*Work task*
From the entries below, tally how many lines contain "this" and report only that figure.

*Exercise data*

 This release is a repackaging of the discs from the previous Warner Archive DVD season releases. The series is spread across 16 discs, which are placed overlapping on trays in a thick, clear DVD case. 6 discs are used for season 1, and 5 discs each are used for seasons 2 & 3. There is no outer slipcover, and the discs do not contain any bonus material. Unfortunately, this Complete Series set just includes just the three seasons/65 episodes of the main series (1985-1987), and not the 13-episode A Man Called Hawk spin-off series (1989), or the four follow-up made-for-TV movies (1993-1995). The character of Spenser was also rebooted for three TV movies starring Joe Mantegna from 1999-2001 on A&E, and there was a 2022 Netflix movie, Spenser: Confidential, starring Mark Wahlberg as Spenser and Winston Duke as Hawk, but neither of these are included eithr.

==

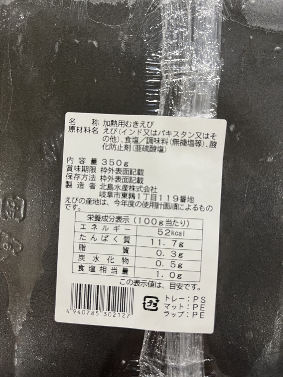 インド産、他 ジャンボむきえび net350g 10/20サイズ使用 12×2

...

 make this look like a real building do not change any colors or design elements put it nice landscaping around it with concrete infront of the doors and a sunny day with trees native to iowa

*Answer box*
2